George and John look like they've just popped along from the local Orthodox Synagogue. And surely any American band can "go cowboy" when it suits them?
Unorthodox
Reform, perhaps. Definitely not Liberal and I doubt they'd have been allowed to go Orthodox.
I remember fondly when the Ramones went cowboy. Good times. Didn't last too long. I expect Vampire Weekend will flip next.
Like almost everyone else
in 1968/69, The Beatles were influenced by The Band, at least sartorially.
Don't forget George had not long returned from a sabbatical with Dylan and The Band in Woodstock when that picture was taken.

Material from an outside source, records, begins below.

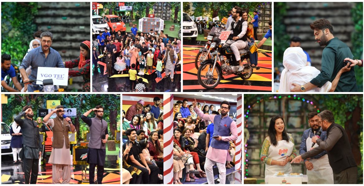 The shows’ formats, amusing twists, and Fahad Mustafa’s charismatic hosting skills keep them all hooked. It encourages the whole family to participate, help each other and take prizes, worth hefty money, home!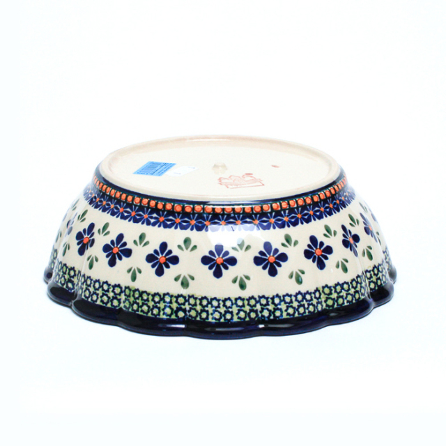 波打つ側面のデザインがエレガントな大きなボウルです。サラダボウルとしては勿論、中華料理や煮物を美しく盛り付けることができます。程よい深さと容量があり、内側にも絵付けが施されているため、夏には素麺用のボウルとして使うのもおすすめです。氷水に漂う白い素麺が美しく映えます。新居の御祝やご結婚の御祝としてのご利用も多い器です。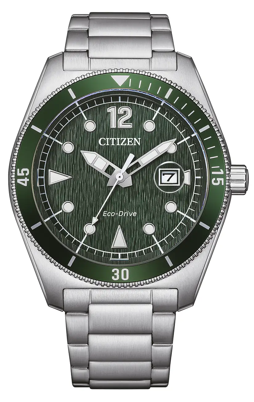 Citizen Marine Sports AW1880-55X jsou hodinky navržené pro nadšence aktivního životního stylu, které spojují potápěčskou stylistiku s moderní solární technologií. Nejintrigujícím prvkem tohoto modelu je číselník v hlubokém, mořském odstínu zelené, vybavený unikátní vertikální strukturou připomínající surovou texturu kůry stromu nebo ztuhlé vlny. Tento neobvyklý vzor dodává číselníku hloubku a způsobuje, že hodinky působí odlišně v závislosti na úhlu dopadu světla.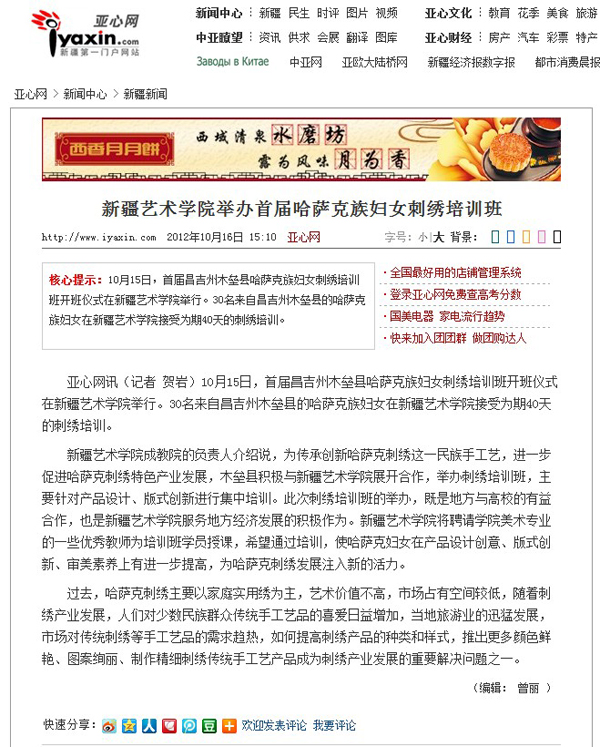【新闻报道】 亚心网讯(记者贺岩)10月15日,首届昌吉州木垒县哈萨克族妇女刺绣培训班开班仪式在新疆艺术学院举行。30名来自昌吉州木垒县的哈萨克族妇女在新疆艺术学院接受为期40天的刺绣培训。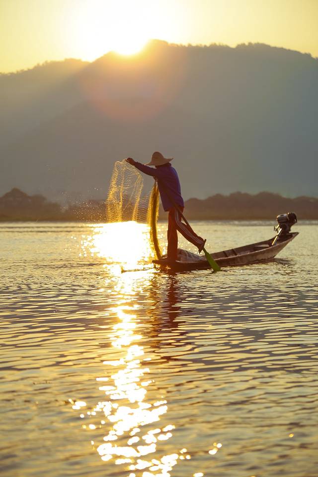 茵莱湖真正的单脚捕鱼要在清晨才能看到,其他时间可能只有表演性质的竹篓单脚捕鱼。竹篓是古代捕鱼的工具,现在为了观赏性改良过了,目前茵莱湖的渔民主要使用渔网捕鱼。如果要拍竹篓捕鱼早上也能遇到,需要给小费,跟船夫说好不拍竹篓的他就不会划过去。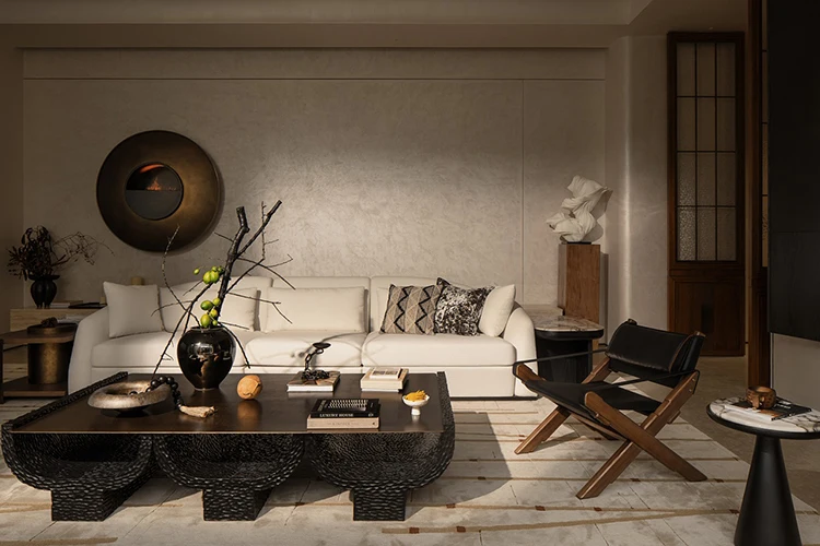 Modern One Stop Furniture Set for Living Room Sectional Velent Sofa Bed Chair Coffee Table Cloth Sponge Hotels Villas Apartments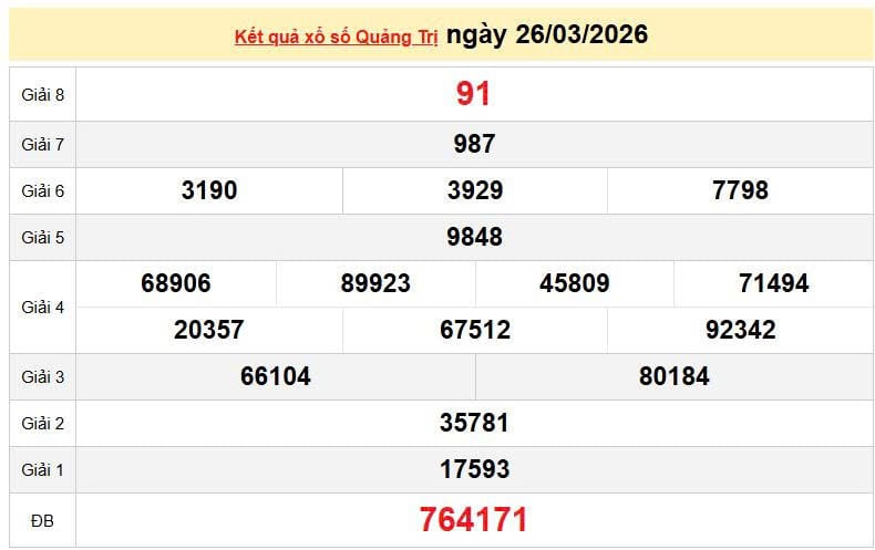 XSQT 26/3, KQXSQT 26/3. Xem lại kết quả xổ số Quảng Trị ngày 26/3/2026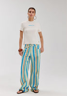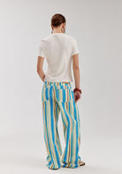 De MAYRA broek heeft een high-waisted fit met wijde pijpen en een relaxte uitstraling. De verticale strepen in verschillende blauwtinten geven de broek een frisse, opvallende look. Gemaakt van katoen en daardoor luchtig en comfortabel. Perfect te combineren met een simpele top of als set.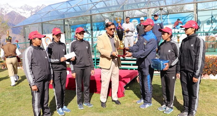 पर्वतारोहण एंव स्कींइग संस्थान औली पंहुचने पर संस्थान के प्रधानाचार्य/उप महानिरीक्षक गंभीर सिंह चैहान ने प्रतिभागी टीम व खिलाडियों को मैडल व ट्राफी व अन्य पुरूष्कार देकर सम्मानित किया।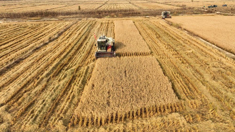 2023年10月23日,水稻收割機在遼寧省阜新市彰武縣大冷鎮(zhèn)上三家子村的稻田中收割水稻(無人機照片)。新華社記者 龍雷 攝
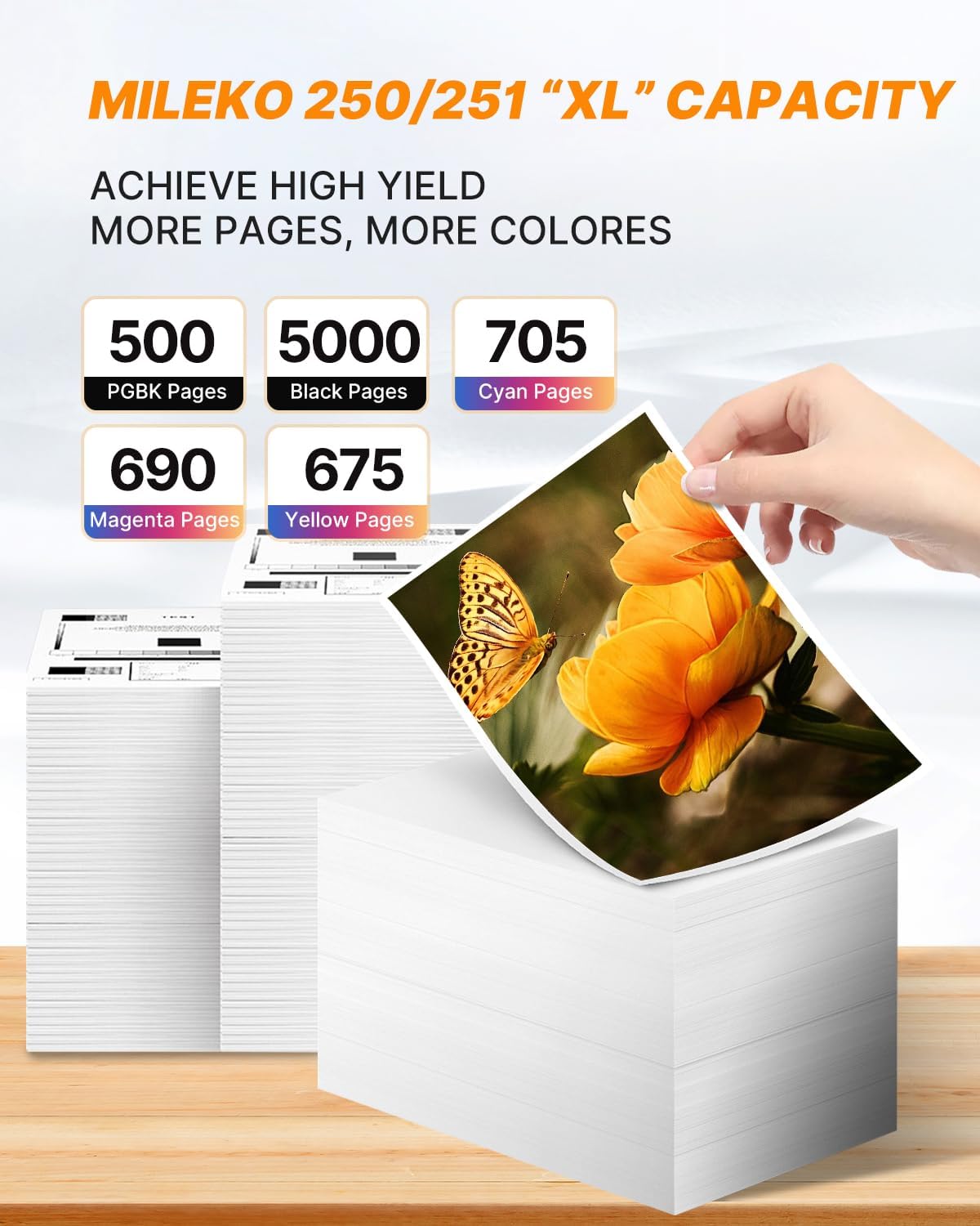 - MILEKO for canon 250 and 251 ink cartridges for canon mx922 printer ink cartridges provide clear and vibrant printing, Save time by avoiding common printing problems such as streaks, smudges, and leaking.

As American music was getting back to its roots, it was considered de rigueur to exchange the Carnaby Street foppery for a 19th century rustic look (stovepipe hat optional).

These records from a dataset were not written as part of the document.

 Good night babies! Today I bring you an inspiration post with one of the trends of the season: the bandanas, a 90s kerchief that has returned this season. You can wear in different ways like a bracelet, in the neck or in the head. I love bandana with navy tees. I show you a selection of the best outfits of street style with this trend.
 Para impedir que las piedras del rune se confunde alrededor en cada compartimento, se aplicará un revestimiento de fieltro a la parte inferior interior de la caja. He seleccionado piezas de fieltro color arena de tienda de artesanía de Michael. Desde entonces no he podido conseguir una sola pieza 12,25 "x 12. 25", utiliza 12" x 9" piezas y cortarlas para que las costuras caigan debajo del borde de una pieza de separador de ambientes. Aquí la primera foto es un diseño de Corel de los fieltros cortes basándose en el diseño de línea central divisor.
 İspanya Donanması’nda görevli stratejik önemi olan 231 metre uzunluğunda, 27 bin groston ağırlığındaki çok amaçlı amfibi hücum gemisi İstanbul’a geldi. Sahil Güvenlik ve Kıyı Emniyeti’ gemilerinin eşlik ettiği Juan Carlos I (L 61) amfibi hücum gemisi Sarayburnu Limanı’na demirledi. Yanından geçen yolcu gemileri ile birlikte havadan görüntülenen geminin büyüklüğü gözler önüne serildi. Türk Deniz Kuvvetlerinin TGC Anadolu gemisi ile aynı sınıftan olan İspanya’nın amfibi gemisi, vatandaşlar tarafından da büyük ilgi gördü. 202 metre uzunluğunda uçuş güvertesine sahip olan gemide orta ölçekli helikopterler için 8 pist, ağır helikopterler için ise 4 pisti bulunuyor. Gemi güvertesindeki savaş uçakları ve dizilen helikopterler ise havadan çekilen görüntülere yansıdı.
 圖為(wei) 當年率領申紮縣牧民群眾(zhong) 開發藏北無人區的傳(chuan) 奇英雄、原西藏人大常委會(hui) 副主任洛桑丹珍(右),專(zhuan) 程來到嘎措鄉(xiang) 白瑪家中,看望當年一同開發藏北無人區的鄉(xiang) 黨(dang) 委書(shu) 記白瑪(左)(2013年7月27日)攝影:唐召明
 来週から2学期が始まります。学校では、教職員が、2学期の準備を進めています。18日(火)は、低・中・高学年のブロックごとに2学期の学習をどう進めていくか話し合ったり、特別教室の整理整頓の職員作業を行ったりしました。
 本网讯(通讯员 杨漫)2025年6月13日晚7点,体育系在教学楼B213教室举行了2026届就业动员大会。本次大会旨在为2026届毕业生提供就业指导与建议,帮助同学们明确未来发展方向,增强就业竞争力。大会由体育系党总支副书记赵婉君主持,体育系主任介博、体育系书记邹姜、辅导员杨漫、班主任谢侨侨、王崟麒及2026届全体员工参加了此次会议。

Can I just say that I love those classic Elliott Landy photos
of the Band. Three guys with a hat and beard. One guy with a hat but no beard. And one guy with a beard but no hat. No photos have ever reflected the sound and feel of an album better than those photos reflected "The Band" (brown album).
Garth's head
looks about twice the size of the other band members' noggins.
Garth *needs* a bigger head
to fit in all of his musical genius. The greatest musician in a pop/rock band of all time, in my humble opinion.
Sorry I couldn't resist on this one
Every decent band has a cowboy phase and every boy wants to dress up like one at least once. You'll see me second in from the right at 0.03 in. Enjoy of you can!
Yee-hah!
Brilliant! Cowboys in, er, underground carparks. And Luna, that stetson you're wearing at 1:38 - it's a canvas sun hat, isn't it?
Don't blow it for me Captain
That hat cost a forune to hire!
Cowboy Phase?
Razorlight are either gradually heading into one or out of one it seems
OK Corral Computer
Are Radiohead going through a cowboy phase?! Not heard the new 'un yet but curioser now than I had been before.
Referring to
this current promo picture for them, clearly dressed as 18th century American gravdiggers / band of outlaws.
Even Rappers can't resist
Yee haaah!
Don't forget CSNY's classic Deja Vu, the Doobie Brothers' whole Toulouse Street, Captain & Me Stampede phase, the Adventures of Thin Lizzy compilation album... the list goes on...
and on...
and on...
Oh, and did anyone mention the... cough... Joshua ...cough... Tree?